Rumors swirled by January 2024, but the public didn’t learn anything until April 2025, when council unanimously authorized the purchase with little public comment.

That secrecy was deliberate. Last September, they illegally held two closed-door executive sessions to discuss Emory — confirmed in an affidavit by former council member Richard Olver, “an active participant in that discussion.” Public notices referenced “issues subject to negotiation” — but none of the specifics required by Colorado’s open meetings law.

Springsteen, who’s suing over the transparency violations, calls it “fruit of the poisonous tree” because “it started with a violation of the people’s rights.” She said in May: “The city knows they’re required to announce the particular matter to be discussed in as much detail as possible.”

Olver agrees. “Negotiations,” he wrote, is “wildly broad” — so broad, even he didn’t know the purpose, so he voted against executive session. “(W)hen its purpose was revealed, I realized I had been completely wrong with my guess.”

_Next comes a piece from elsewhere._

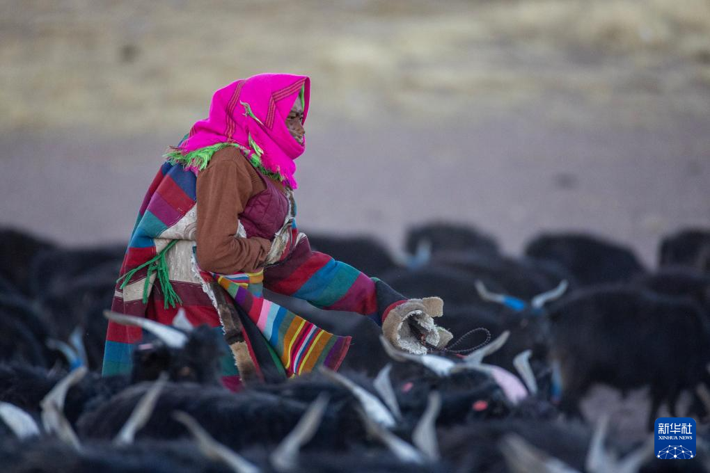 措勤縣紫絨山羊原種場(chǎng)的一位牧工在照看優(yōu)質(zhì)種羊群(11月20日攝)。新華社記者 姜帆 攝

It recalls December 2022, when then-Denver school board member Scott Baldermann opposed an executive session because he had “no idea what is gonna be discussed.” As media attorney Steve Zansberg told me, if one member doesn’t know what will be discussed, “then certainly the public doesn’t either.”

On Oct. 13 and 27, the Lakewood City Council will vote to sell Emory to the Action Center — even though they won’t own the property until December. Jeffco’s school board isn’t even set to examine the deal until Nov. 5. What’s the rush to put the cart before the horse?

I emailed Lakewood City Hall asking how they can sell property they don’t own yet and why so far in advance. Oulton dodged — simply explaining the process and timeline with reference materials.

The timing is fishy, too: Lakewood’s final vote on the resale comes Oct. 27 — one day before the Oct. 28 trial where they’ll defend those backroom meetings in court. Coincidence?

Helping the homeless is a worthy cause. But the facts are inescapable: secret meetings, shady deals and taxpayers holding the bag. Why are Lakewood and the school district so bent on pushing this through at any cost?

“They haven’t been transparent about this,” one Emory-area resident told me. “I think the attitude is, ‘Who’s gonna stop us?’ By the time people figure it out, it’ll be too late to do anything.”